The extent to which a document is capable to satisfy an information need. Within probabilistic retrieval models, relevance is modeled as a binary random variable.

Definition

A retrieval model provides a formal means to address (information) retrieval tasks with the aid of a computer.

Introduction

A retrieval task is given if an information need is to be satisfied by exploiting an information resource. More specifically, the information need is represented as a term query provided by a user, the information resource is given in the form of a text document collection, and the solution of the retrieval task is a subset of such documents of the collection, which the user considers as relevant with respect to the query. Though a broad range of retrieval tasks can be imagined, including all kinds of multimedia queries and multimedia collections (consider for example “query by humming” or medical image retrieval), the term “retrieval model” is predominantly used in the aforementioned narrow sense. Retrieval models in this sense are based on a linguistic theory and can be considered as heuristics that operationalize the probability ranking principle (Robertson 1997): “Given a query q, the ranking of documents according to their probabilities of being relevant to q leads to the optimum retrieval performance.” The principle cannot be applied to all kinds of retrieval tasks. In comment ranking, for example, the differential information gain must be considered.

Key Points

Retrieval models can be classified according to the linguistic theory they are based upon.

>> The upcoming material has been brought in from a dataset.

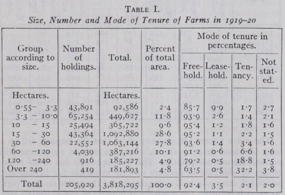 It will be seen that the middle-sized farms of from 1 o to 6o hectares form the majority, comprising 66% of the total area. The small holdings of under io hectares form 14% and the farms of above 6o hectares form about 2o%. In 1919 only 5.7% of all the farms were not worked by the owners as against 11.6% in the year 1901.

In the literature a distinction between empirical models, probabilistic models, and language models is often made, which is rooted in the query-oriented understanding of retrieval tasks but which also has historical reasons.
  1. 1.

    Empirical models, sometimes referred to as vector space models, focus on the document representation (Salton and McGill 1983). Both documents and queries are considered as high-dimensional vectors in the Euclidean space, whereas a compatible representation is presumed: a particular document term or query term is always mapped on the same dimension, whereas the term importance is specified by a weight. Usually, the cosine of the angle between two such vectors or simply their dot product is used to quantify their similarity; in particular, the concept of similarity is put on a level with the concept of relevance. Empirical models can be distinguished with regard to the dimensions that are considered (i.e., features that are chosen) and how these dimensions (features) are weighted.

     
  2. 2.

    Probabilistic models strive for an explicit modeling of the concept of relevance. Statistics comes into play in order to estimate the probability of the event that a document is relevant for a given information need. Most probabilistic models employ conditional probabilities to quantify document relevance given the occurrence of a term.

     
  3. 3.

    Language models are based on the idea of language generation as it is used in speech recognition systems. A language-based retrieval model is computed specifically for each document in a collection and is usually term-based. Given a query q, document ranking happens according to the generation probability of q under the language model of the respective document.

     

Historical Background

Figure 1 illustrates the historical development of well-known retrieval models. From each of the three modeling paradigms (empirical models, probabilistic models, language models), selected representatives are in the following characterized along with the respective publications.
Fig. 1

Historical development of retrieval models, organized according to three paradigms: empirical models, probabilistic models, and language models. http://www.uni-weimar.de/medien/webis/research/projects/retrieval-models

The Boolean retrieval model uses binary term weights, and a query is a Boolean expression with terms as operands. Drawbacks of the Boolean model include its simplistic weighting scheme, its restriction to exact matches, and that no document ranking is possible. The vector space model (VSM) and its variants consider documents and queries as embedded in the Euclidean space (see above). Key challenge for these kinds of models is the term weighting. Salton et al. (1975) proposed the tf · idf-scheme, which combines the term frequency tf (the number of term occurrences in a document) with the inverse document frequency idf (the inverse of the number of documents that contain this term). The latent semantic indexing (LSI) model was developed to improve query interpretation and semantic-based matching (Deerwester et al. 1990). For example, a document d should match a query even if the user specified synonyms that do not occur in d. The LSI model attempts to achieve such effects by projecting documents and queries into a so-called “semantic space,” which is constructed by a singular value decomposition of the term-document-matrix. The explicit semantic analysis (ESA) model was introduced to compute the semantic relatedness of natural language texts (Gabrilovich and Markovitch 2007). The model represents a document d as a high-dimensional vector whose dimensions quantify the pairwise similarities between d and the documents of some reference collection such as Wikipedia. Potthast et al. (2008) demonstrated how the ESA principles are applied to develop an effective cross-language retrieval approach, the so-called CL-ESA model. In contrast to most retrieval models, the suffix tree model represents a document d not as a vector of index terms but as a compressed trie containing all suffixes (i.e., suffixes of all lengths) of a text d. As a consequence, the collocation information of d is preserved, which may render the model superior for particular retrieval tasks (Meyer zu Eißen et al. 2005).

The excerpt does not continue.